Using the Law of the Sines to Solve a Triangle
Solve the triangle with side \(a=6,\) side \(b=8\), and angle \(A=35^\circ\), which is opposite side \(a.\)
Since \(a=6,\) \(b=8,\) and \(A=35 {{}^\circ},\) we have \begin{eqnarray*} \dfrac{\sin 35 {{}^\circ}}{6} &=&\dfrac{\sin B}{8} \end{eqnarray*}
A-37
\begin{eqnarray*} \sin B &=&\dfrac{8\sin 35 {{}^\circ}}{6}\approx 0.765 \end{eqnarray*} \[ B_{1}\approx 49.9 {{}^\circ}\quad\hbox{or}\quad B_{2}\approx 180 {{}^\circ}-49.9 {{}^\circ}=130.1 {{}^\circ}\]
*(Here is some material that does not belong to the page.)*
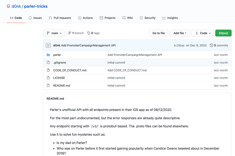 截至我写这篇文章的时候,donk_enby已经将个人网页(https://donk.sh/)下架,但从我之前在她个人网页上顺藤摸瓜,找到了github上她反编译后获得的Parler非官方api的python脚本。从最后一次修改时间来看是12/09/2020。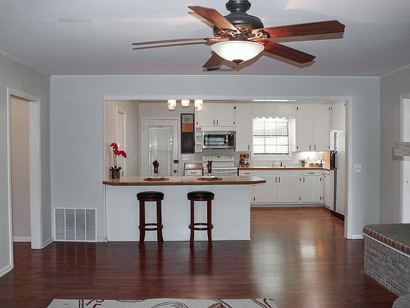 If you're looking for a separate workshop in your own backyard or maybe a 'man cave' or a 'she-shed' with power? Schedule to see this nostalgic 4 bd, 2 ba brick, one-story split plan featuring hardwood and vinyl plank flooring throughout. You will be welcomed at the relaxing front porch entrance via the entrance hallway to the family dining room with sliding door entrances onto the comfortable kitchen and big island bar- perfect for those celebrations. The island bar serves as a breakfast bar and the kitchen space is totally open to the great room with its cozy brick fireplace flanked by built-in-seating. Lots of windows throughout flood the large rooms with natural lighting. Four large bedrooms with bath access; well-designed built-ins and storage provided in quiet sleeping zones. Exterior amenities include a 2-car front entry car port, privacy fenced back yard including a delightfully party lighted and covered patio ready to celebrate your home coming to a warm and friendly established neighborhood. Welcome home!

For both choices of \(B\), we have \(A+B < 180 {{}^\circ}\). So, there are two triangles, one containing the angle \(B_{1}\approx 49.9 {{}^\circ}\) and the other containing the angle \(B_{2}\approx 130.1 {{}^\circ}\). The third angle \(C\) is either \begin{eqnarray*} C_{1}&=&180^\circ-A-B_{1} \underset{\underset{\underset{\color{#0066A7}{\hbox{\({B_{1}=49.9{{}^\circ}}\)}}}{\color{#0066A7}{\hbox{\({A=35{{}^\circ}}\)}}}}{\color{#0066A7}{\displaystyle\uparrow }}}{\approx} 95.1^\circ \qquad \hbox{or}\qquad C_{2}=180^\circ-A-B \underset{\underset{\underset{\color{#0066A7}{\hbox{\({B_{2}=130.1{{}^\circ}}\)}}}{\color{#0066A7}{\hbox{\({A=35{{}^\circ}}\)}}}}{\color{#0066A7}{\displaystyle\uparrow }}} {\approx} 14.9^\circ \end{eqnarray*}
The third side \(c\) satisfies the Law of Sines, so \[ \begin{array}{rl@{\qquad}rl} \dfrac{\sin A}{a}&=\dfrac{\sin C_{1}}{c_{1}} & \dfrac{\sin A}{a}&=\dfrac{\sin C_{2}}{c_{2}} \\ \dfrac{\sin 35{{}^\circ}}{6}&=\dfrac{\sin 95.1{{}^\circ}}{c_{1}} & \dfrac{\sin 35{{}^\circ}}{6}&=\dfrac{\sin 14.9{{}^\circ}}{c_{2}} \\ c_{1}&=\dfrac{6\sin 95.1{{}^\circ}}{\sin 35{{}^\circ}}\approx 10.42 & c_{2}&=\dfrac{6\sin 14.9{{}^\circ}}{\sin 35{{}^\circ}}\approx 2.69 \end{array} \] The two solved triangles are illustrated in Figure 63.